Problem description> After locating the line that holds "Brentwood Agricultural Land", copy that line and all that follow it word for word through the end of the data, with no pictures.

Exercise data>
┄┄┄┄┄┄┄┄┄┄

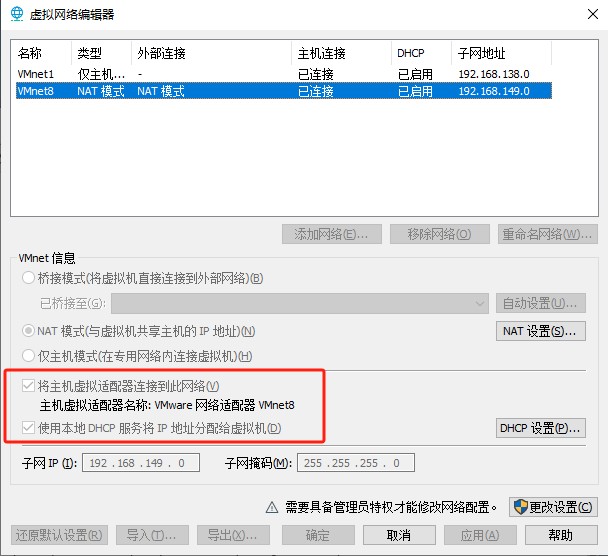 2.在打开 “Virtual Network Editor” (虚拟网络编辑器)。 通常在菜单栏的 Edit (编辑) -> Virtual Network Editor (虚拟网络编辑器)。 VMware 默认状态下的配置是VMnet0(桥接), VMnet1 (仅主机), VMnet8 (NAT) 。至少保证NAT模式下的设置是正确的,必要的选项被勾选。
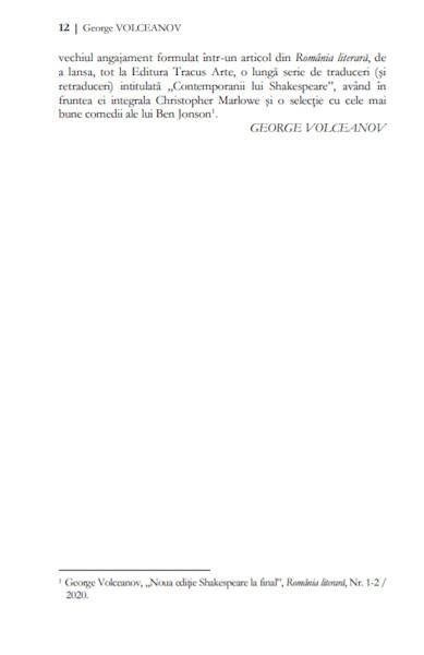 Sunt convins că noua ediție, cu programul și intențiile ei de redare a marii opere într-un registru lingvistic autentic, natural și firesc – cum a fost și gândită și jucată în vremea lui –, poate resuscita interesul și pasiunea pentru opera celui mai mare dramaturg al literaturii universale. (…) Toate traducerile sunt noi, la efortul și intenția editorului de a primeni limba în care apar textile lui W.S. alăturându-se câțiva scriitori, poeți și eseiști, care au reușit să țină sus o ștachetă a prospețimii și autenticității unei limbi române vii și colorate, precum engleza vorbită acum câteva secole. Unele texte apar pentru prima dată, dar toate beneficiază de studii critice aplicate, erudite și bine articulate sub aspect documentar.
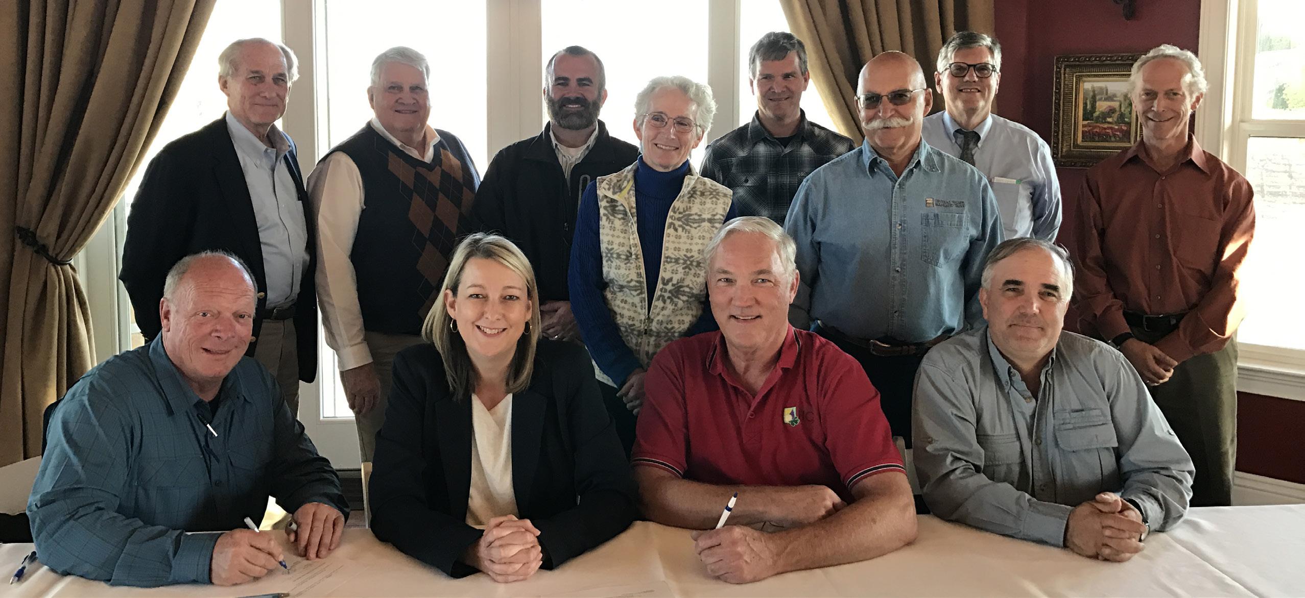 Brentwood Agricultural Land Trust board of directors and the Central Valley Farmland Trust board of directors formalize the merger on November 14, 2017. Left to right standing: Larry Ruhstaller, Jim Jorgensen, Patrick Johnston, Janet Caprile, Jon Harvey, Ron Freitas, Tim Byrd, Jim Gwerder. Left to right sitting: Tom Bloomfield, Barbara Smith, Maxwell Norton, Ken Oneto.
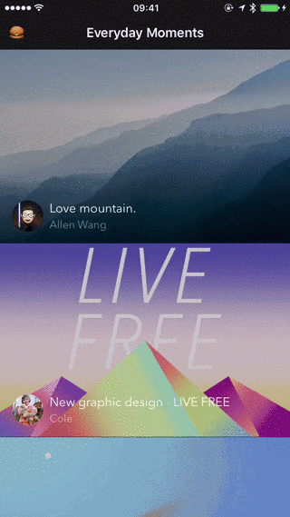 1) 照片横屏划动的旋转木马效果,用 UICollectionViewDataSource 来实现的,每一个卡片是一个 CollectionViewCell;

┄┄┄┄┄┄┄┄┄┄

Result of this exercise>
 Brentwood Agricultural Land Trust board of directors and the Central Valley Farmland Trust board of directors formalize the merger on November 14, 2017. Left to right standing: Larry Ruhstaller, Jim Jorgensen, Patrick Johnston, Janet Caprile, Jon Harvey, Ron Freitas, Tim Byrd, Jim Gwerder. Left to right sitting: Tom Bloomfield, Barbara Smith, Maxwell Norton, Ken Oneto.
 1) 照片横屏划动的旋转木马效果,用 UICollectionViewDataSource 来实现的,每一个卡片是一个 CollectionViewCell;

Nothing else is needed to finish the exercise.